■ ACTIVITY
Find the line that contains "Traje de dos" in the entries below. Restate it and every line after it, word for word, with no pictures.

■ SOURCE MATERIAL
________________________________________

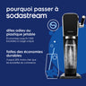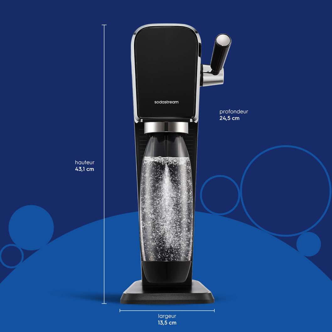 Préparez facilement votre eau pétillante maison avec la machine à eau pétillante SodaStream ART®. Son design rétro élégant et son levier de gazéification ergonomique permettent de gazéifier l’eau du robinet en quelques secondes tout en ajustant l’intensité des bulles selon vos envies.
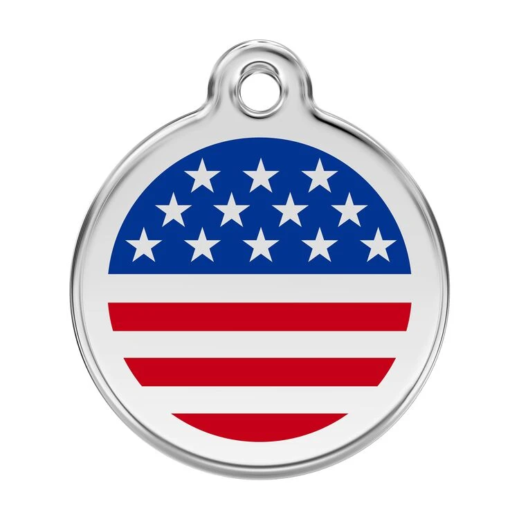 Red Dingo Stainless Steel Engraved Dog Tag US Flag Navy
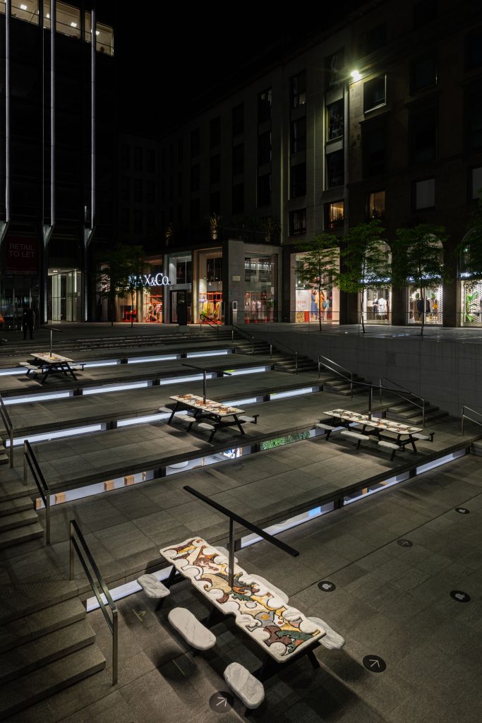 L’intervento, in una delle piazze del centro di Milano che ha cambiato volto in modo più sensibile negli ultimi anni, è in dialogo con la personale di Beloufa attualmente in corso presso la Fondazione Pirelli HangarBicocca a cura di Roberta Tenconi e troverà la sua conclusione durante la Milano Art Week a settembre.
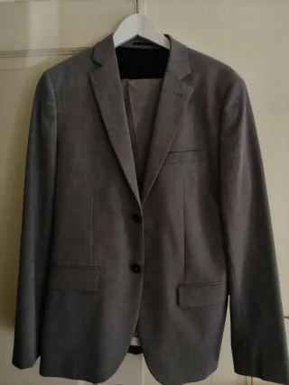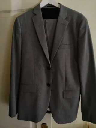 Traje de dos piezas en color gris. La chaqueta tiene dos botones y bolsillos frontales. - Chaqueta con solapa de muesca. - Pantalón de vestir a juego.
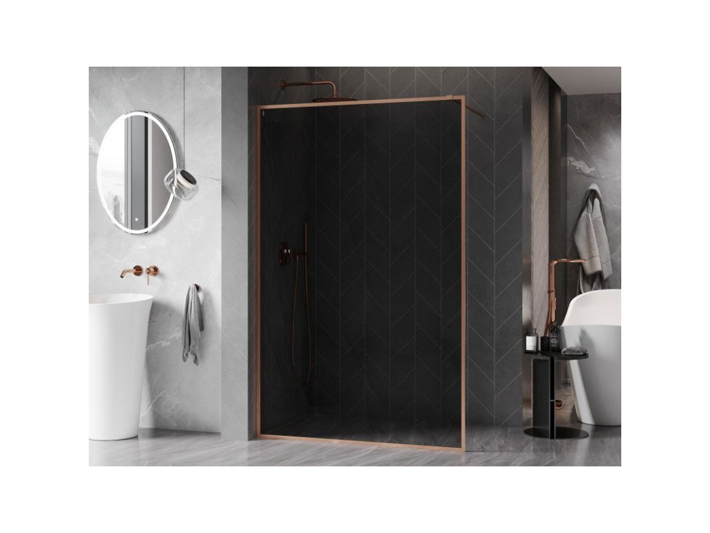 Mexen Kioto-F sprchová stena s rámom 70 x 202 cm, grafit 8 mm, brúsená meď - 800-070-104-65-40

________________________________________

■ TASK RESULT
 Traje de dos piezas en color gris. La chaqueta tiene dos botones y bolsillos frontales. - Chaqueta con solapa de muesca. - Pantalón de vestir a juego.
 Mexen Kioto-F sprchová stena s rámom 70 x 202 cm, grafit 8 mm, brúsená meď - 800-070-104-65-40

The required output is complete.